___ INFORMATION SUPPLIED

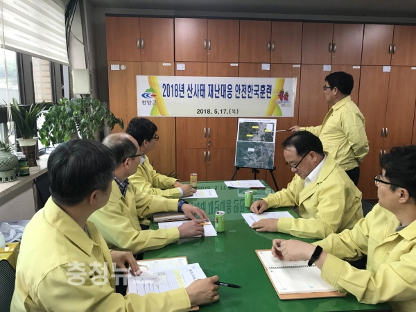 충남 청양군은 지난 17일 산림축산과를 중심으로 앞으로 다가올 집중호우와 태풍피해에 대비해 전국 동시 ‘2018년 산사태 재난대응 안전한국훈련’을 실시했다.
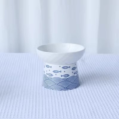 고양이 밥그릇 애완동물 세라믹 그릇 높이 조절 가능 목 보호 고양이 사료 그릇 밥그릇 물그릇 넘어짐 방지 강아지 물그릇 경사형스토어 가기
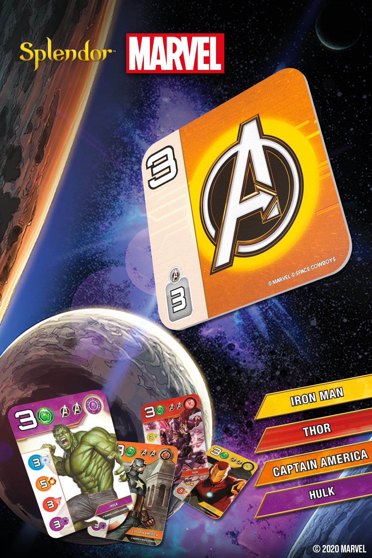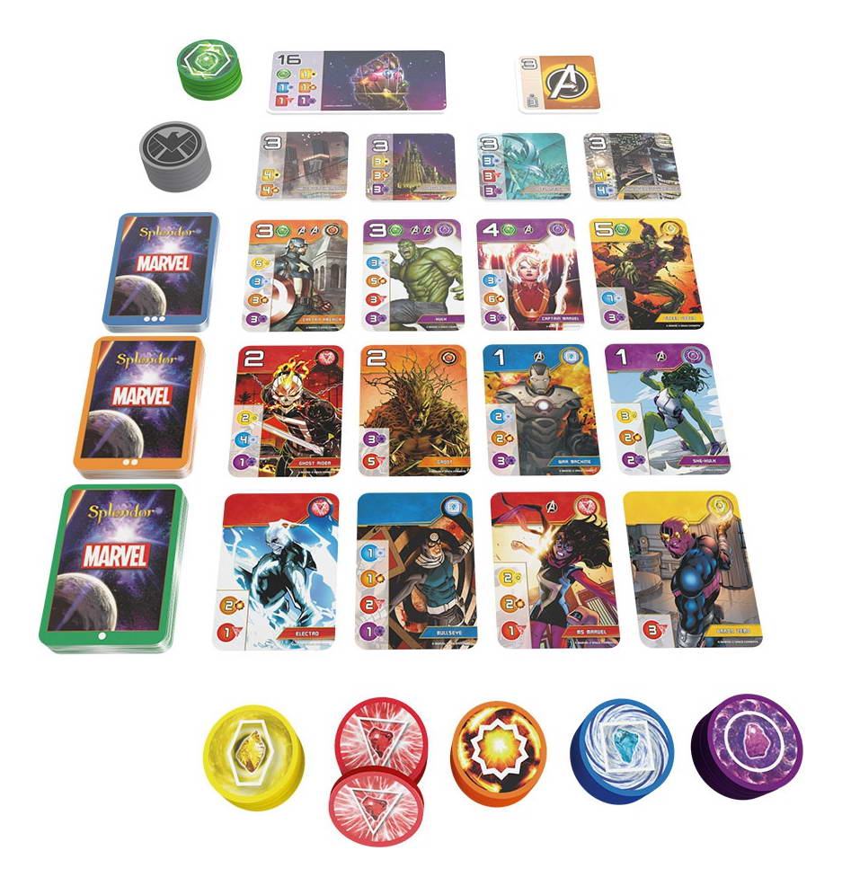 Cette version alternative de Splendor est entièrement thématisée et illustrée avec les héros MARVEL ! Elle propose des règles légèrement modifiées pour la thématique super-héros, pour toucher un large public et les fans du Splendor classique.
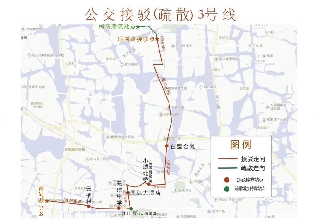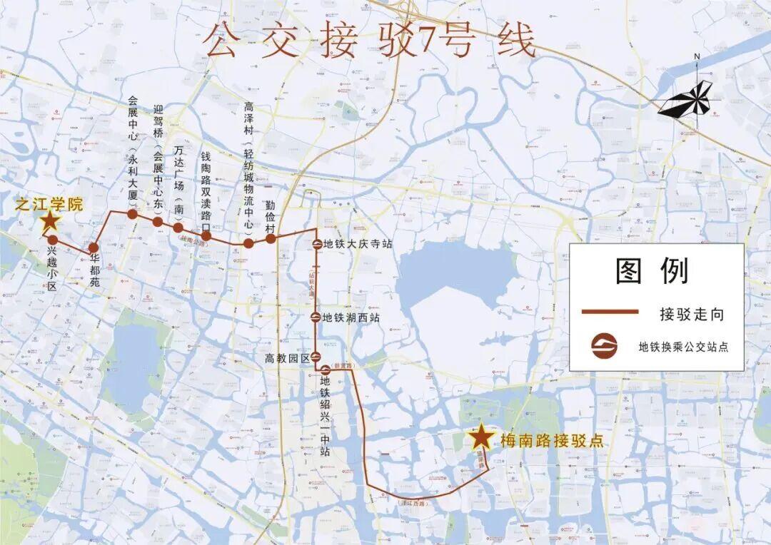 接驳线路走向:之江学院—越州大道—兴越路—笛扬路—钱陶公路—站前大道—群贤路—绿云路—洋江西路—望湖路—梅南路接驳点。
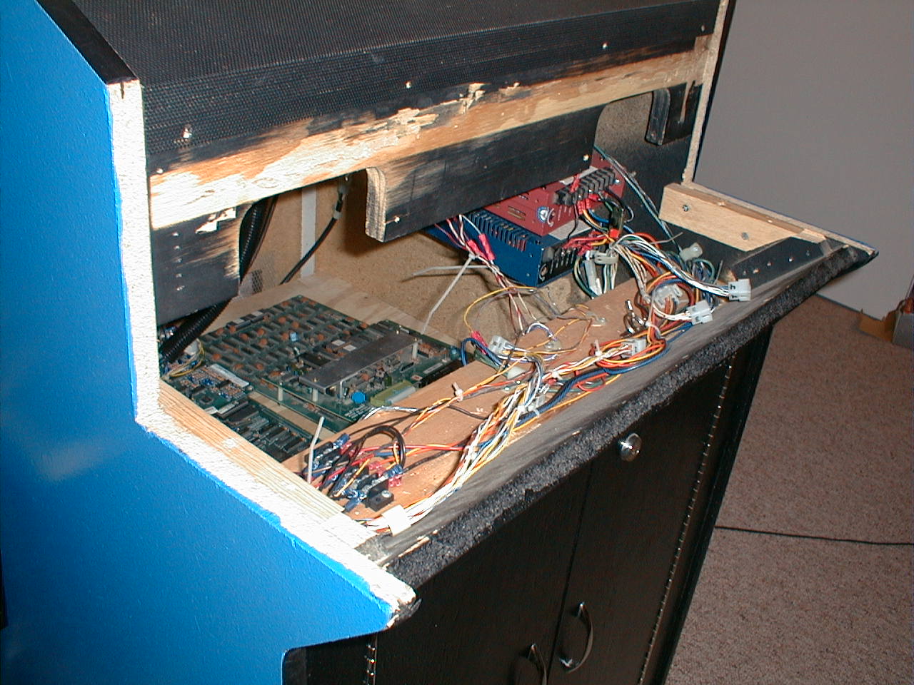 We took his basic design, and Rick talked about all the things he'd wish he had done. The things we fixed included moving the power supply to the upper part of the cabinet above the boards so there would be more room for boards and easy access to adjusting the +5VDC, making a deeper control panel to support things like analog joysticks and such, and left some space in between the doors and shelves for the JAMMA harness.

______

Between and including the line above that contains "고양이 밥그릇 애완동물" and the line that contains "Cette version alternative", restate every line word for word. Pictures stay out.

### RESULT
 고양이 밥그릇 애완동물 세라믹 그릇 높이 조절 가능 목 보호 고양이 사료 그릇 밥그릇 물그릇 넘어짐 방지 강아지 물그릇 경사형스토어 가기
 Cette version alternative de Splendor est entièrement thématisée et illustrée avec les héros MARVEL ! Elle propose des règles légèrement modifiées pour la thématique super-héros, pour toucher un large public et les fans du Splendor classique.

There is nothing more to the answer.